Content gap: Documentation for the Built-in algorithms is incomplete

What did you find confusing? Please describe.

I had a look at our current docs and found gaps in the Algorithm documentations between the AWS dev guide and readthedocs.io.

The AWS dev guide lists all algos that are officially released (left column below), but some of them are not documented in readthedocs.io (right column below).

AWS dev guide pySDK in First-Party Algorithms
BlazingText  (missing)
DeepAR Forecasting  (missing)
Factorization Machines FactorizationMachines
Image Classification Algorithm  (missing)
IP Insights IP Insights
K-Means Algorithm K-means
K-Nearest Neighbors (k-NN) Algorithm K-Nearest Neighbors
Latent Dirichlet Allocation (LDA) LDA
Linear learner algorithm LinearLearner
Neural Topic Model (NTM) Algorithm NTM
Object2Vec Object2Vec
Object Detection Algorithm  (missing)
Principal Component Analysis (PCA) Algorithm PCA
Random Cut Forest (RCF) Algorithm Random Cut Forest
Semantic Segmentation  (missing)
Sequence to Sequence (seq2seq)  (missing)
XGBoost XGBoost (is under the Framework node)

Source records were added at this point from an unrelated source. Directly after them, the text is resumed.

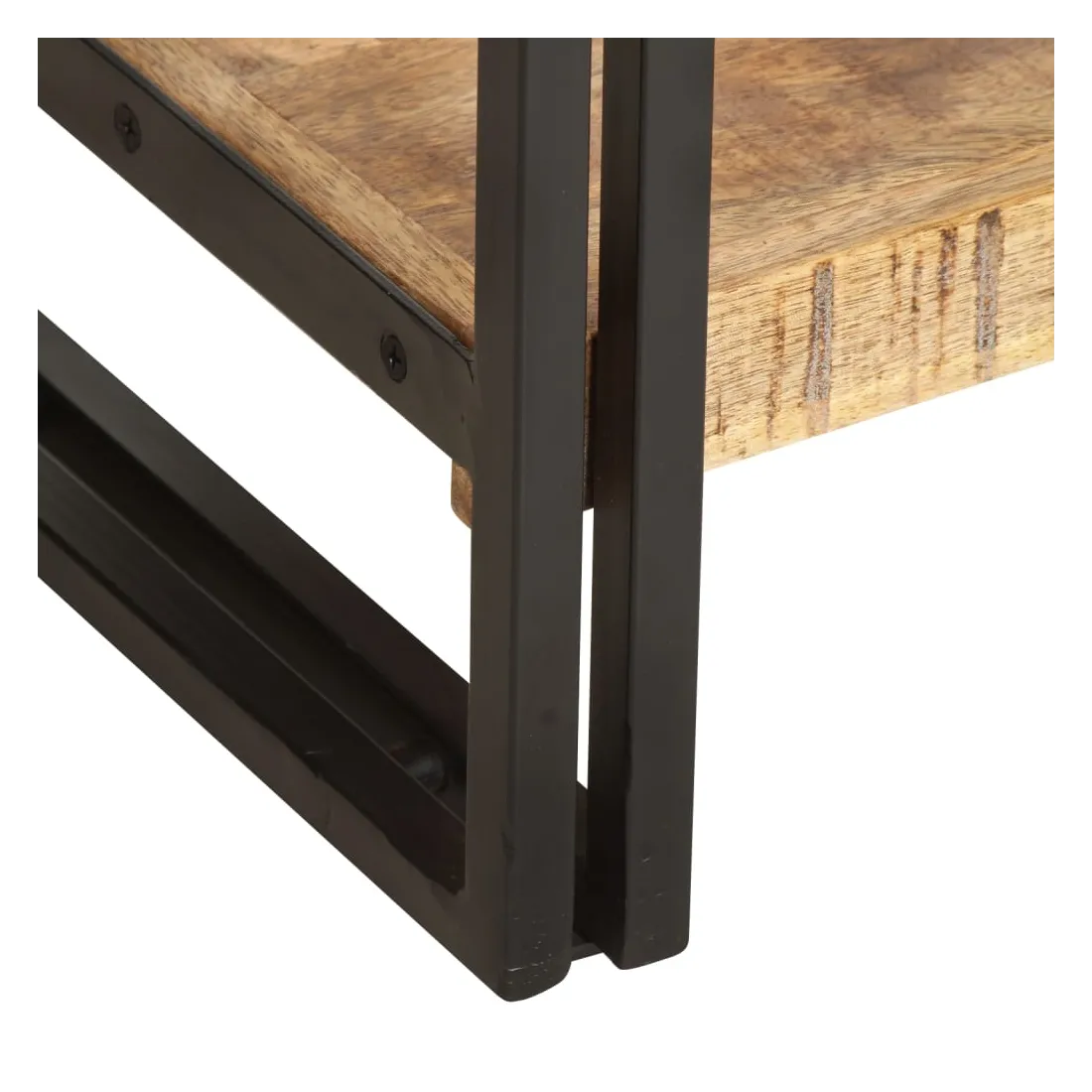 - Matériau : bois de manguier brut solide avec une finition naturelle, acier enduit de poudre
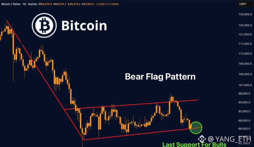 BITCOIN’S BEAR FLAG IS REACHING DECISION TIME.
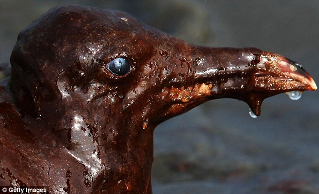 Pelikan yang menjadi korban kerusakan ekologis akibat kebocoran minyak di Deepwater Horizon, April 2010 (sumber: dailymail.co.uk)
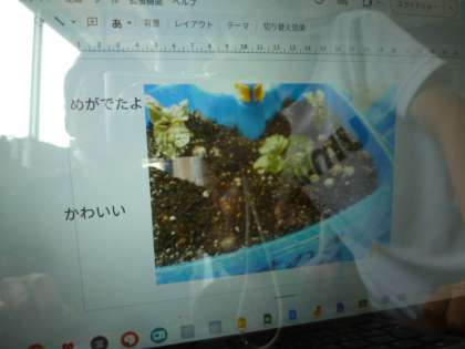 1年生がタブレットを使って生活科の学習をしました。アサガオの写真に感じたことを追加入力しています。
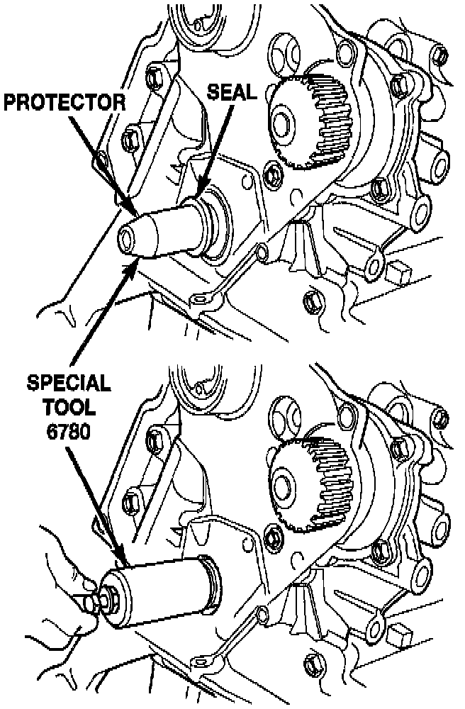 NOTE: Front crankshaft seal MUST be out of pump to align, or damage may result.

In case of XGBoost, I suggest to list it with the other algos and provide a link to the exisiting XGBoost in the Framework node with a short explanation of why XGBoost is under Frameworks.

Describe how documentation can be improved

  • Add the 6 missing algorithms to the readthedoc.io 1p algorithm section.
  • Add XGBoost to the 1p algorithm section as well, and link to the existing XGBoost documentation under the Frameworks node.